*** Recorded data Section Begins ***

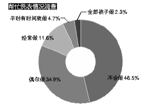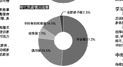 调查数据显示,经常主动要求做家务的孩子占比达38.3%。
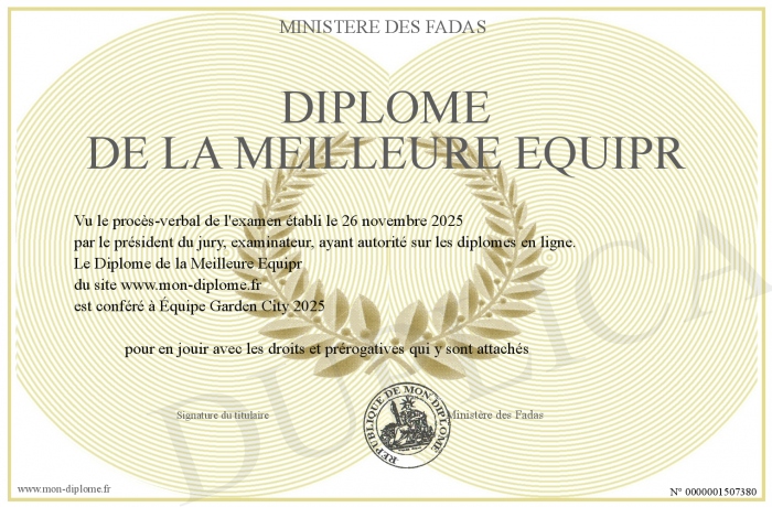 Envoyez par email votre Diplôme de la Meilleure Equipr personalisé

*** Recorded data Section Ends ***
*** Recorded data Section Begins ***

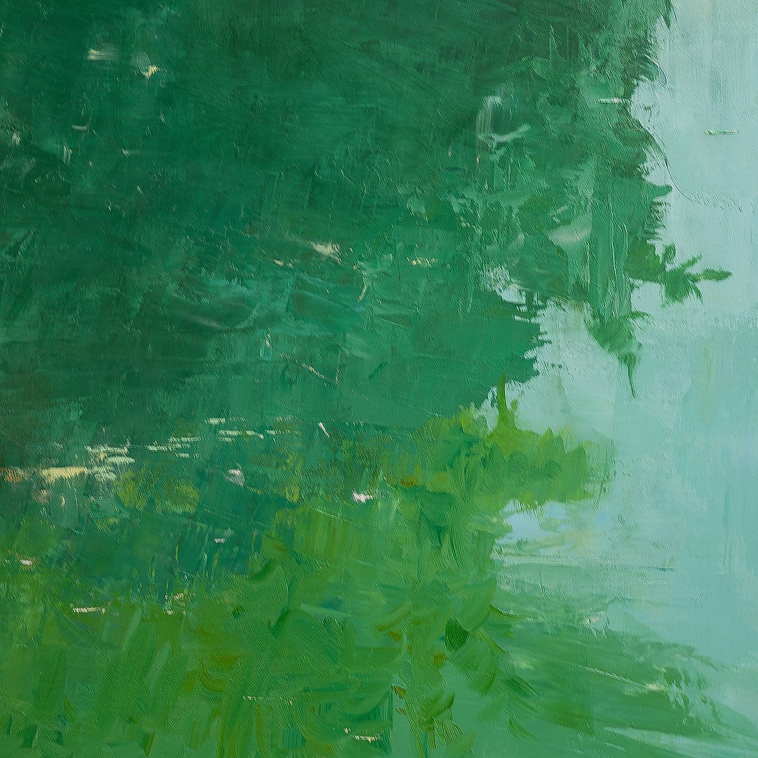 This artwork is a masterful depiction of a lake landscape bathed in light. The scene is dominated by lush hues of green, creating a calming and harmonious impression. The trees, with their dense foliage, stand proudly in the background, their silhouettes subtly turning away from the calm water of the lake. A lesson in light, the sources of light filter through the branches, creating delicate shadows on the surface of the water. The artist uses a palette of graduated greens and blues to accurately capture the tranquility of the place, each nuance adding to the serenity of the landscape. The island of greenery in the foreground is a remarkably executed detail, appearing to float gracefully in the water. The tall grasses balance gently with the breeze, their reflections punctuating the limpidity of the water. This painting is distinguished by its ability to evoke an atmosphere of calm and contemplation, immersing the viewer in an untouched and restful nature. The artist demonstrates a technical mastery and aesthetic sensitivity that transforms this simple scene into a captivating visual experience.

*** Recorded data Section Ends ***
*** Recorded data Section Begins ***

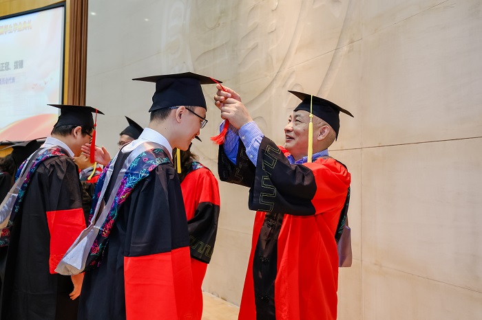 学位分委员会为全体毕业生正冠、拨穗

*** Recorded data Section Ends ***

### [Task objective]
Look above for the line with "调查数据显示,经常主动要求做家务的孩子占比达38.3%。" and the line with "Envoyez par email". Copy them and every line between, exactly, but no pictures.

### [Reply]
 调查数据显示,经常主动要求做家务的孩子占比达38.3%。
 Envoyez par email votre Diplôme de la Meilleure Equipr personalisé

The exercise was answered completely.